Pride for Africa as Spain strike gold
Only 12 kilometres separate Spain from Africa at their closest point and they were united in celebration at the finish of a 19th FIFA World Cup™ that sent a fault line of happiness stretching all the way from Bloemfontein to Barcelona.
This was Africa's first FIFA World Cup and it will live in the memory as much for the spirit and smiles of the host nation as for the success of a Spain team who achieved their own first when Andres Iniesta's 116th-minute winner against the Netherlands put them into the record books as the eighth country to capture football's most prized crown.
Spain's concluding triumph in the magnificent 'calabash' of Soccer City brought the curtain down on 31 days of football: 64 games at nine venues featuring 599 players from 32 teams who between them scored 145 goals. At the end of it all Vicente del Bosque's men held the trophy but South Africa's success was the other defining story, the Rainbow Nation putting on a show of pride and purpose that gave a message of hope to an entire continent. The fact South Africa's footballers became the first hosts to fall in the first round did nothing to damage the enthusiasm or dim the ubiquitous hum of the vuvuzelas.
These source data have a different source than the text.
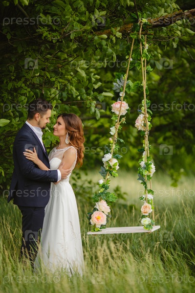 Невеста и жених на качелях в парке
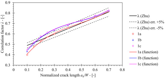 The geometry factor λ has been determined on the basis of LLD and CMOD according to Equation (14). Figure 13 presents obtained values of the geometry factor λ as a function of a/W. Figure 13 demonstrates that λ values, computed for FEM series 1a (standard roller setup) are in close agreement with solution included in ASTM E1820 for a/W ≥ 0.25. In case of shallower cracks with a/W < 0.25, computed results deviate from the standard solution. The reason is that Zhu et al. [8] produced the solution for λ by curve fitting of the existing results in the range 0.25 ≤ a/W ≤ 0.7. Further inspection of computed results shows that values of λ increase by 8.1% at maximum with respect to the reference solution for FEM series 1a if the load roller diameter is increased from 8 mm to 25 mm (FEM series 1b). However, increasing the support rollers diameter from 10 mm to 25 mm and constraining their degrees of freedom has little effect on λ values in case of FEM series 1c as computed values deviate 10.9% at maximum with respect to the reference solution for FEM series 1a. Finally, λ functions were developed by polynomial curve fitting of the computed results, using the least squares method. Proposed solutions are presented in Table 8.
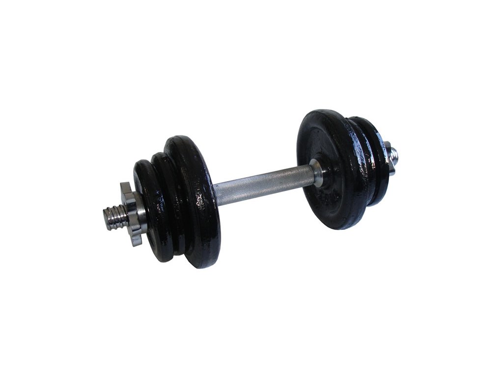 Nakládací činka jednoruční - 11 kg. Lakované kotouče, průměr chromované hřídele 25 nebo 30 mm. Možno specifikovat v požadavku. Základem je hřídel 370 mm, kotouče je možné volit . např. 2 x 2,5 kg + 4 x 1 kg.
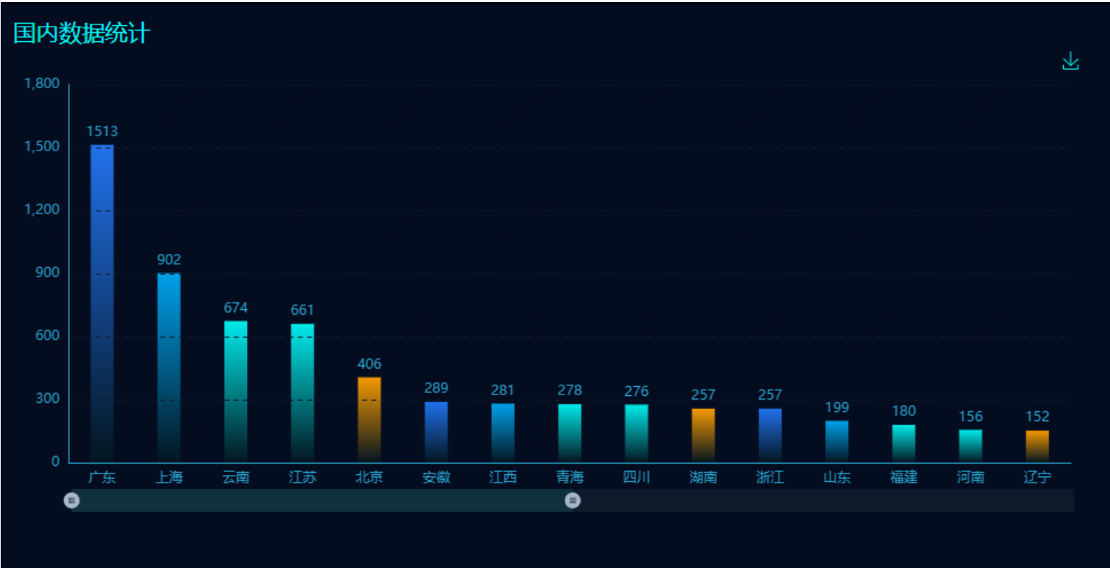 中国大陆地区广东使用数量最多,共有1513 个;上海第二,共有 902 个;云南第三,共有 674 个;江苏第四,共有 661 个;北京第五,共有 406 个。
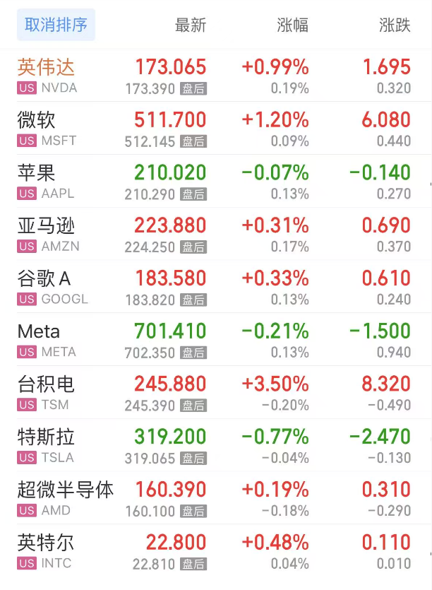 热门美股中,英伟达涨0.95%,微软涨1.20%,苹果跌0.07%,亚马逊涨0.31%,谷歌C涨0.51%,谷歌A涨0.33%,Meta跌0.21%,台积电涨3.37%,特斯拉跌0.70%,超微半导体涨0.21%。
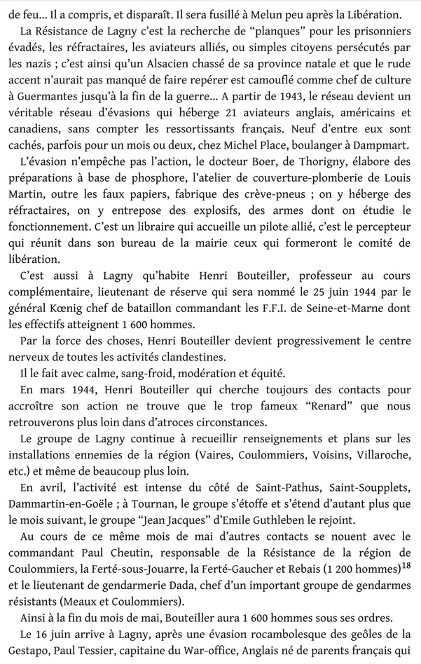.....Médéric, inquiété et recherché par la Gestapo est caché par nous à Paris et envoyé sur la Grande Bretagne. Nous apprenons par un message personnel qu’il est bien arrivé : « Médéric dit bonjour à Crischna ». Nous sommes passés en compte à M. de Pillot de Coligny, dit Charles Emmanuel. Celui-ci demande à M. Bouteiller, dit Octave, de constituer une compagnie de Corps Francs dans la région de Lagny.
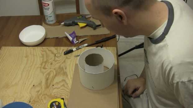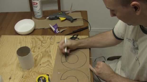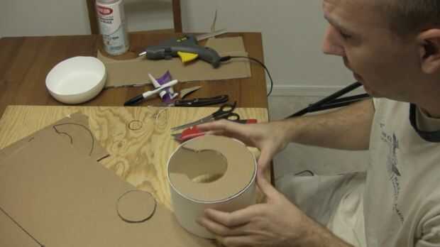 Ahora tenemos que subir con nuestras piezas de lado. Primero coloqué el tubo de cilindro interior a poco del centro. Así que ese espacio sería un poco mayor para mi palm. Siempre puede utilizar un tubo interno más pequeño, pero este fue el aspecto que iba para. Entonces remonta en el interior de ambos tubos en un pedazo de cartón. Dejándome con dos círculos. Siguiente que decidí que quería que la apertura de la mano que. Añadir dos líneas bajando. Luego cortar mi pieza. Esto se convierte la plantilla para los otros 3 lados. Siga adelante y todos los cortar ahora.
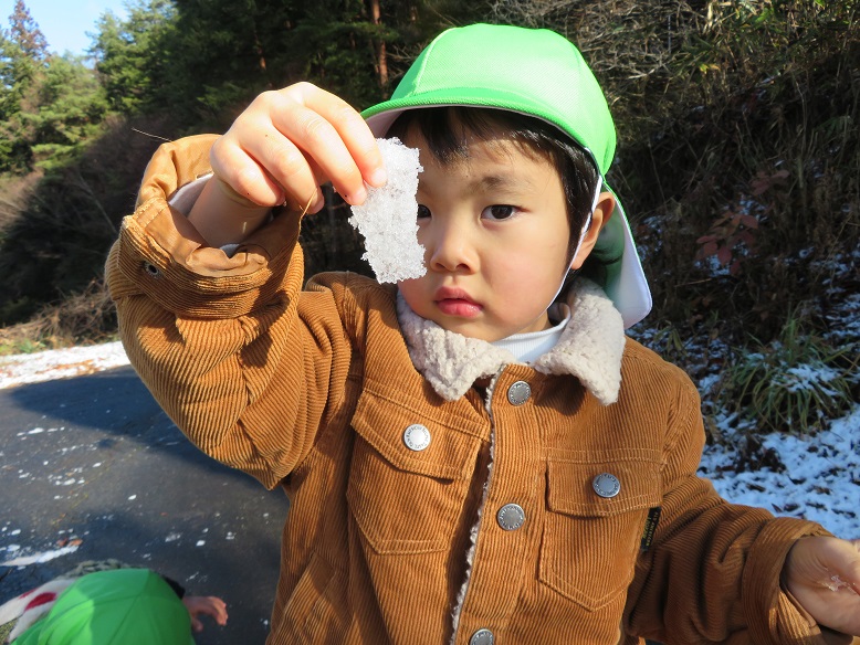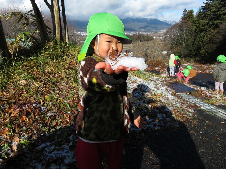 「この雪には、葉っぱが挟まってるよ!面白いね。」

South Africa 2010 was a tournament not short on surprises but European title-holders Spain overcame theirs – an opening loss to Switzerland – to win their remaining six matches, the last four all by a 1-0 scoreline. No side has won the FIFA World Cup with fewer goals than Spain's eight but their football still caught the eye – not least the contributions of pass masters Xavi Hernandez and Iniesta, leading scorer David Villa, and Iker Casillas, beaten just twice and whose two one-on-one saves from Arjen Robben in the Final underlined why he fully merited the adidas Golden Glove for best goalkeeper.
For the Netherlands, the memories of South Africa will be mixed after they completed a hat-trick of Final heartbreaks, adding to the defeats in 1974 and '78. Bert van Marwijk's Dutchmen won all six games en route to the Final and if this was a more pragmatic Netherlands than some of their forebears, their attacking players still shone in the 4-2-3-1 formation that was the vogue at these finals, Wesley Sneijder helping himself to five goals along the way.